◆ **Exercise details**
Here is the task for the listing below: output exactly the lines from the one containing "Instead of making" through the one containing "This page presents", and leave out the pictures.

◆ **Records shown**
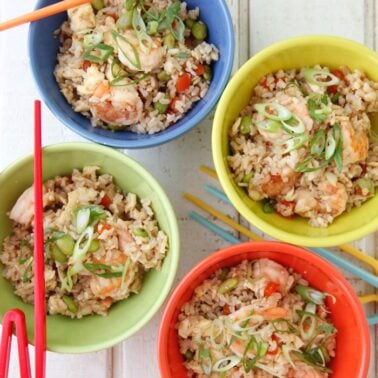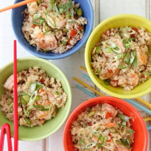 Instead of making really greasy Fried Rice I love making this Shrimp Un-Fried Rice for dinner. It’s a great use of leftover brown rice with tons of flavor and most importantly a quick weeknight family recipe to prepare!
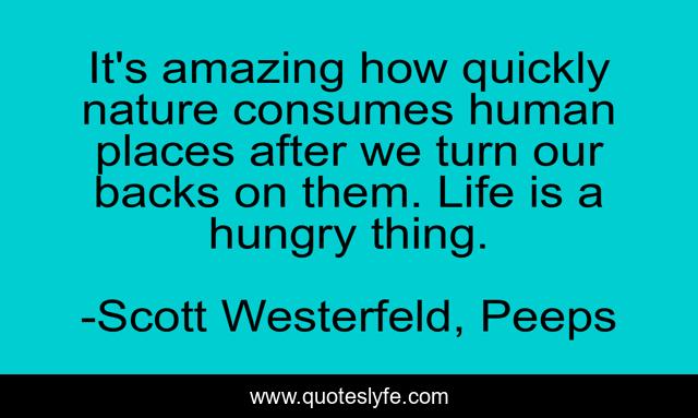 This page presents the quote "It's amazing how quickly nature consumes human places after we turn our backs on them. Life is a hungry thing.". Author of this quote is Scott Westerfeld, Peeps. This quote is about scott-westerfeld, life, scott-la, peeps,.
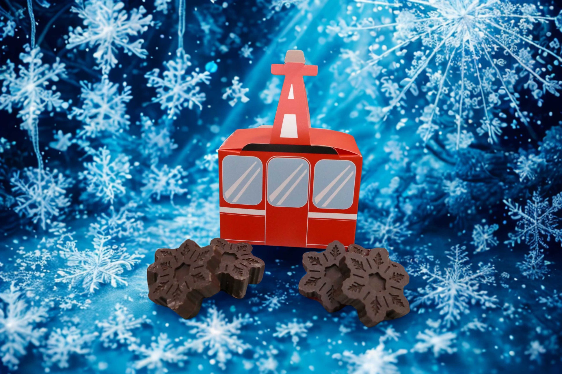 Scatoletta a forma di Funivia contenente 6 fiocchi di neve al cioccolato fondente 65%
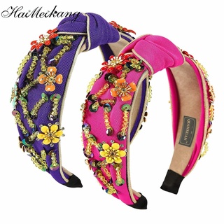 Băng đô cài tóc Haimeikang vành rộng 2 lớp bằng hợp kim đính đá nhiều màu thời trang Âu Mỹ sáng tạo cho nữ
--
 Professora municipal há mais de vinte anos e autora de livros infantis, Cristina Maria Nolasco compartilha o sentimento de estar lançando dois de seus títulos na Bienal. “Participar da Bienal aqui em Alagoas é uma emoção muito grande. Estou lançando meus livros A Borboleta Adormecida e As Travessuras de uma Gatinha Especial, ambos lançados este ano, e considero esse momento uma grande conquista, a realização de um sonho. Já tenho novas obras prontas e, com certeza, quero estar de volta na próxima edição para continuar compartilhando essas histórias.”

◆ **Result for this task**
 Instead of making really greasy Fried Rice I love making this Shrimp Un-Fried Rice for dinner. It’s a great use of leftover brown rice with tons of flavor and most importantly a quick weeknight family recipe to prepare!
 This page presents the quote "It's amazing how quickly nature consumes human places after we turn our backs on them. Life is a hungry thing.". Author of this quote is Scott Westerfeld, Peeps. This quote is about scott-westerfeld, life, scott-la, peeps,.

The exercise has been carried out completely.